Calgary corpus

The Calgary corpus is a collection of text and binary data files, commonly used for comparing data compression algorithms. It was created by Ian Witten, Tim Bell and John Cleary from the University of Calgary in 1987 and was commonly used in the 1990s. In 1997 it was replaced by the Canterbury corpus,^[1] based on concerns about how representative the Calgary corpus was,^[2] but the Calgary corpus still exists for comparison and is still useful for its originally intended purpose.

In its most commonly used form, the corpus consists of 14 files totaling 3,141,622 bytes as follows.

Size (bytes)	File name	Description
111,261	BIB	ASCII text in UNIX "refer" format – 725 bibliographic references.
768,771	BOOK1	unformatted ASCII text – Thomas Hardy: Far from the Madding Crowd.
610,856	BOOK2	ASCII text in UNIX "troff" format – Witten: Principles of Computer Speech.
102,400	GEO	32 bit numbers in IBM floating point format – seismic data.
377,109	NEWS	ASCII text – USENET batch file on a variety of topics.
21,504	OBJ1	VAX executable program – compilation of PROGP.
246,814	OBJ2	Macintosh executable program – "Knowledge Support System" of B.R. Gaines.
53,161	PAPER1	UNIX "troff" format – Witten, Neal, Cleary: Arithmetic Coding for Data Compression.
82,199	PAPER2	UNIX "troff" format – Witten: Computer (in)security.
513,216	PIC	1728 x 2376 bitmap image (MSB first): text in French and line diagrams.
39,611	PROGC	Source code in C – UNIX compress v4.0.
71,646	PROGL	Source code in Lisp – system software.
49,379	PROGP	Source code in Pascal – program to evaluate PPM compression.
93,695	TRANS	ASCII and control characters – transcript of a terminal session.

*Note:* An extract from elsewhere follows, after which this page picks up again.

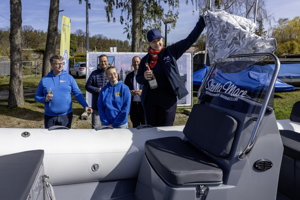 Schwerin, 12.04.2026. Die Ministerpräsidentin des Landes Mecklenburg-Vorpommern, Manuela Schwesig, hat am Sonnabend, den 11. April, im Schweriner Marineclub (SMC) das neue Schlauchboot auf den Namen „Stella Mare“, Stern des Meeres, getauft. „Endlich geht es wieder los. Mit dem Frühling startet die Segelsaison! Und wir starten gleich mit einem schönen Termin: der Taufe des neuen Schlauchboots für das Kuttertraining und für Wettkämpfe hier im Schweriner Marineclub. Der Segelsport gehört zu unserem Land. Und er ist immer auch ein toller Botschafter für Mecklenburg-Vorpommern. Ich wünsche dem neuen Boot allzeit gute Fahrt“, sagte die Taufpatin auf dem Vereinsgelände am Schweriner Heidensee.

There is also a less commonly used 18 file version which include 4 additional text files in UNIX "troff" format, PAPER3 through PAPER6. The maintainers of the Canterbury corpus website notes that "they don't add to the evaluation".^[3]

Benchmarks

The Calgary corpus was a commonly used benchmark for data compression in the 1990s. Results were most commonly listed in bits per byte (bpb) for each file and then summarized by averaging. More recently, it has been common to just add the compressed sizes of all of the files. This is called a weighted average because it is equivalent to weighting the compression ratios by the original file sizes. The UCLC benchmark^[4] by Johan de Bock uses this method.

For some data compressors it is possible to compress the corpus smaller by combining the inputs into an uncompressed archive (such as a tar file) before compression because of mutual information between the text files. In other cases, the compression is worse because the compressor handles nonuniform statistics poorly. This method was used in a benchmark in the online book Data Compression Explained by Matt Mahoney.^[5]

The table below shows the compressed sizes of the 14 file Calgary corpus using both methods for some popular compression programs. Options, when used, select best compression. For a more complete list, see the above benchmarks.

Compressor	Options	As 14 separate files	As a tar file
Uncompressed		3,141,622	3,152,896
compress		1,272,772	1,319,521
Info-ZIP 2.32	-9	1,020,781	1,023,042
gzip 1.3.5	-9	1,017,624	1,022,810
bzip2 1.0.3	-9	828,347	860,097
7-zip 9.12b		848,687	824,573
bzip3 1.1.8		765,939	779,795
ppmd Jr1	-m256 -o16	740,737	754,243
ppmonstr J		675,485	669,497
ZPAQ v7.15	-method 5	659,709	659,853

Compression challenge

The "Calgary corpus Compression and SHA-1 crack Challenge"^[6] is a contest started by Leonid A. Broukhis on May 21, 1996 to compress the 14 file version of the Calgary corpus. The contest offers a small cash prize which has varied over time. Currently the prize is US $1 per 111 byte improvement over the previous result.

According to the rules of the contest, an entry must consist of both the compressed data and the decompression program packed into one of several standard archive formats. Time and memory limits, archive formats, and decompression languages have been relaxed over time. Currently the program must run within 24 hours on a 2000 MIPS machine under Windows or Linux and use less than 800 MB memory. An SHA-1 challenge was later added. It allows the decompression program to output files different from the Calgary corpus as long as they hash to the same values as the original files. So far, that part of the challenge has not been met.

The first entry received was 759,881 bytes in September, 1997 by Malcolm Taylor, author of RK and WinRK. The most recent entry was 580,170 bytes by Alexander Ratushnyak on July 2, 2010. The entry consists of a compressed file of size 572,465 bytes and a decompression program written in C++ and compressed to 7700 bytes as a PPMd var. I archive, plus 5 bytes for the compressed file name and size. The history is as follows.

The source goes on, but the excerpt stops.